_Entries supplied_:
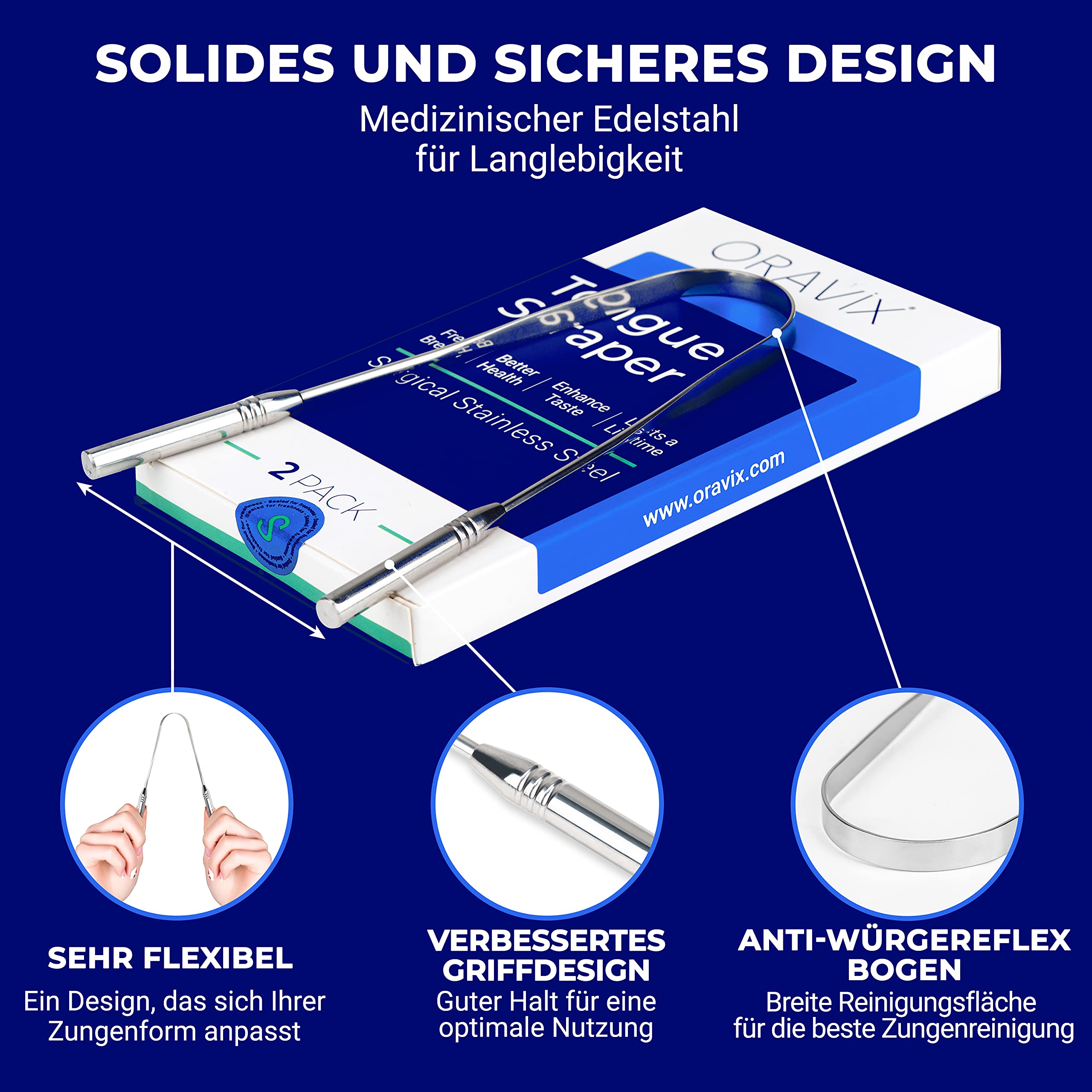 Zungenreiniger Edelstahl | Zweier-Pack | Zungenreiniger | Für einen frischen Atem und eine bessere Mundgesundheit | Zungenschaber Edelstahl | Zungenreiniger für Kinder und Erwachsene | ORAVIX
==
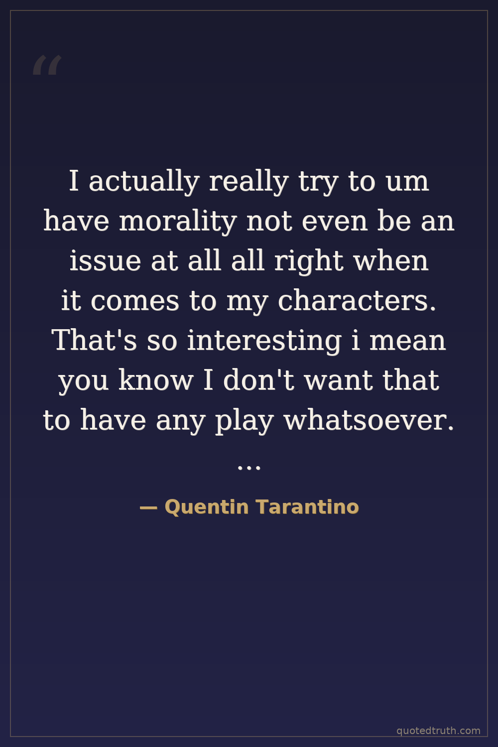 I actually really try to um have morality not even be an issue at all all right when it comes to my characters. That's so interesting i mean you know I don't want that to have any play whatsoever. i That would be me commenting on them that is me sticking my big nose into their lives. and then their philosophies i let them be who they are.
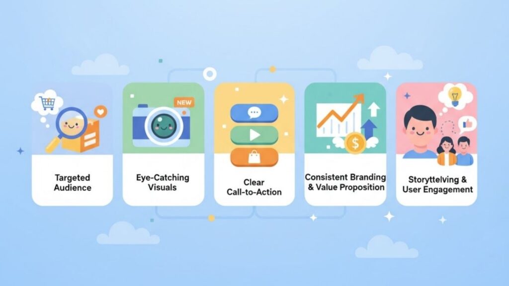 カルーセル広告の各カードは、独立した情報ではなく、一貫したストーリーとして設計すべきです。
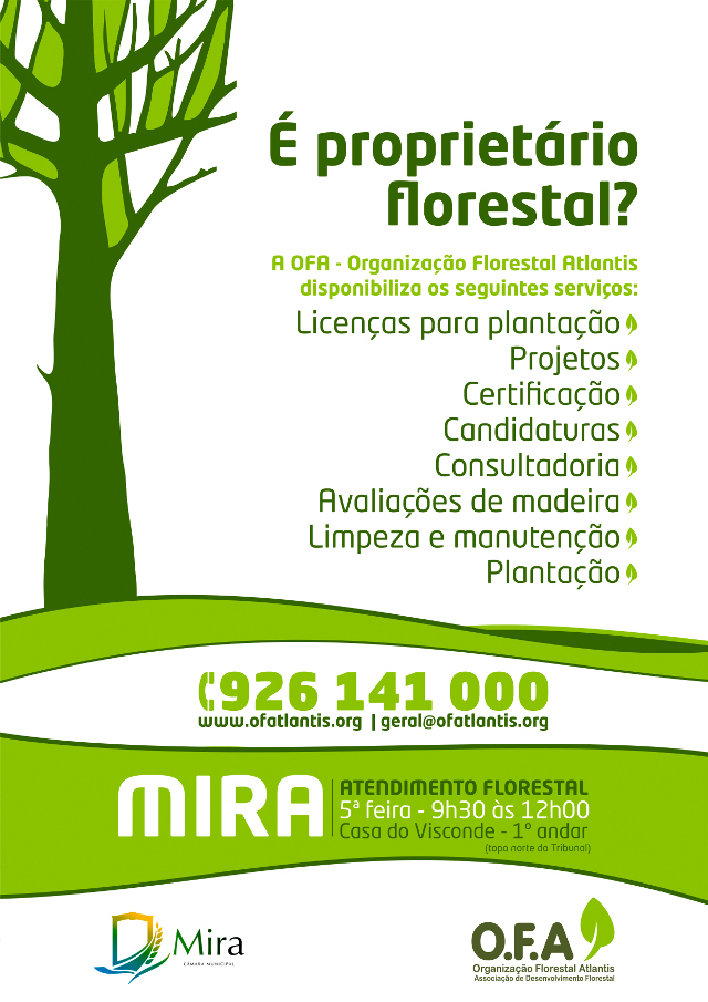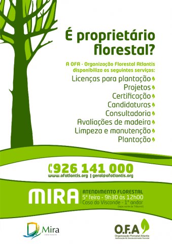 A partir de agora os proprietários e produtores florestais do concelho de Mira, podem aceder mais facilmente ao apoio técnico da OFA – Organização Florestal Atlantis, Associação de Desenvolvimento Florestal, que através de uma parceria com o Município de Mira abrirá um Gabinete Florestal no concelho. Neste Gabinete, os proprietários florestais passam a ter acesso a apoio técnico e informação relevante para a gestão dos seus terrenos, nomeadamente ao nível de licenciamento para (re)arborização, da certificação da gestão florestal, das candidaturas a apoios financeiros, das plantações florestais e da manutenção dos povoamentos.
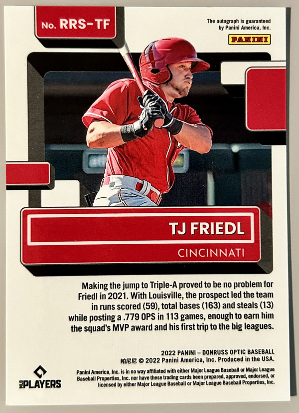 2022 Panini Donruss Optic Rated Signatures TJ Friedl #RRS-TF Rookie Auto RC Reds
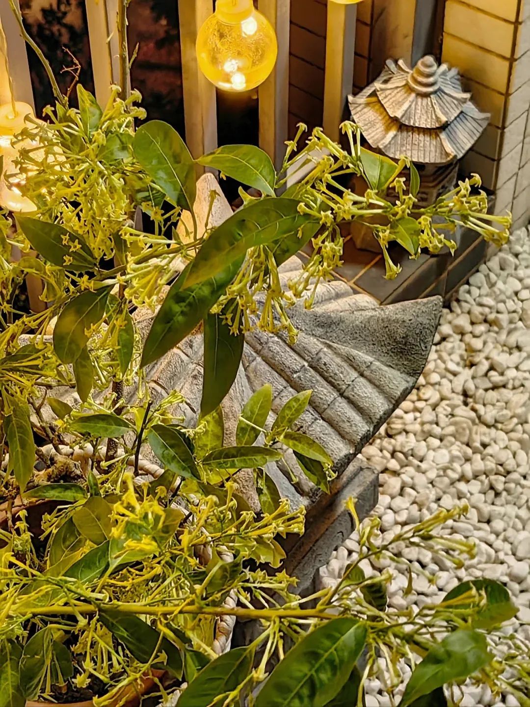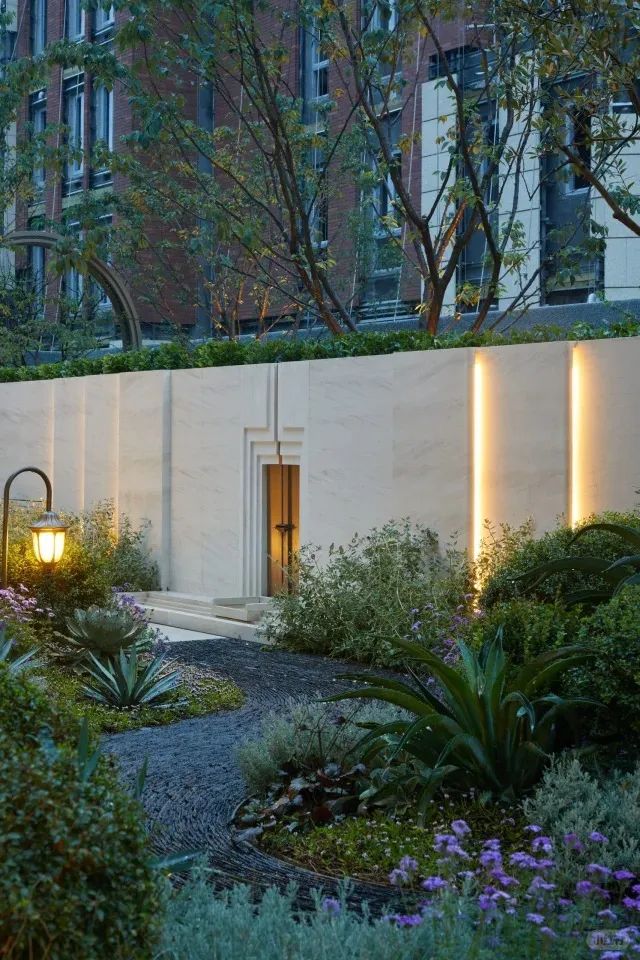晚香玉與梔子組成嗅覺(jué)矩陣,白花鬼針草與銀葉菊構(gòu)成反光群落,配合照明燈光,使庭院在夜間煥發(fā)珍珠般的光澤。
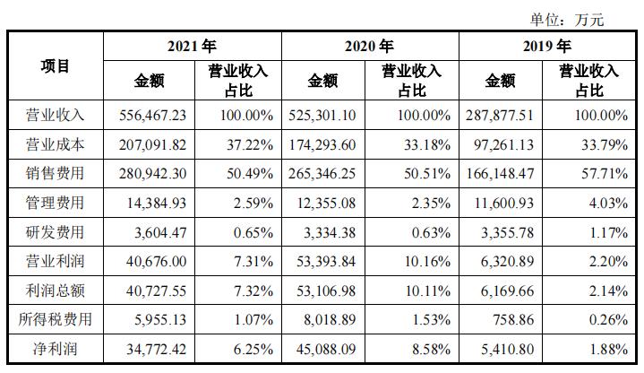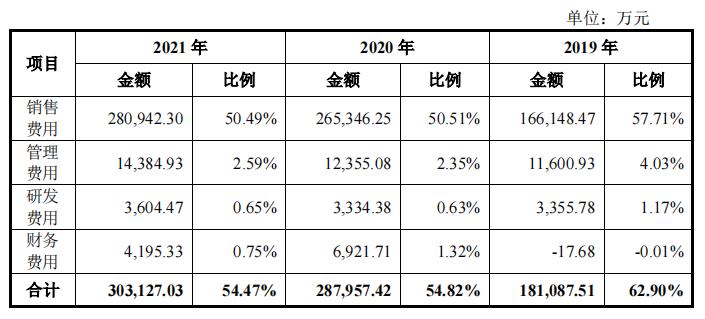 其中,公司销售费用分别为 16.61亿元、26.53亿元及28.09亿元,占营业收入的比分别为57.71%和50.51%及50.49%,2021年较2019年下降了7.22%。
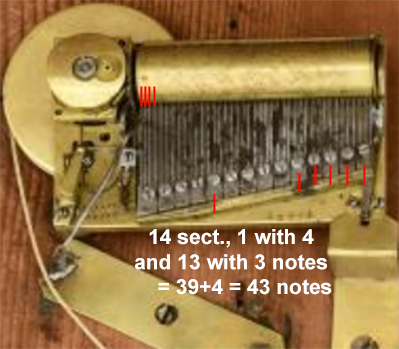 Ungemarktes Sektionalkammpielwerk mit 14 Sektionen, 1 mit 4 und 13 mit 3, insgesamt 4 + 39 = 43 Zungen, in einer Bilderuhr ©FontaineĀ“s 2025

_Exercise_: What are the lines above from the one with "A partir de" to the one with "其中,公司销售费用分别为 1", both included? Reproduce them exactly, without pictures.

_Written response_:
 A partir de agora os proprietários e produtores florestais do concelho de Mira, podem aceder mais facilmente ao apoio técnico da OFA – Organização Florestal Atlantis, Associação de Desenvolvimento Florestal, que através de uma parceria com o Município de Mira abrirá um Gabinete Florestal no concelho. Neste Gabinete, os proprietários florestais passam a ter acesso a apoio técnico e informação relevante para a gestão dos seus terrenos, nomeadamente ao nível de licenciamento para (re)arborização, da certificação da gestão florestal, das candidaturas a apoios financeiros, das plantações florestais e da manutenção dos povoamentos.
 2022 Panini Donruss Optic Rated Signatures TJ Friedl #RRS-TF Rookie Auto RC Reds
晚香玉與梔子組成嗅覺(jué)矩陣,白花鬼針草與銀葉菊構(gòu)成反光群落,配合照明燈光,使庭院在夜間煥發(fā)珍珠般的光澤。
 其中,公司销售费用分别为 16.61亿元、26.53亿元及28.09亿元,占营业收入的比分别为57.71%和50.51%及50.49%,2021年较2019年下降了7.22%。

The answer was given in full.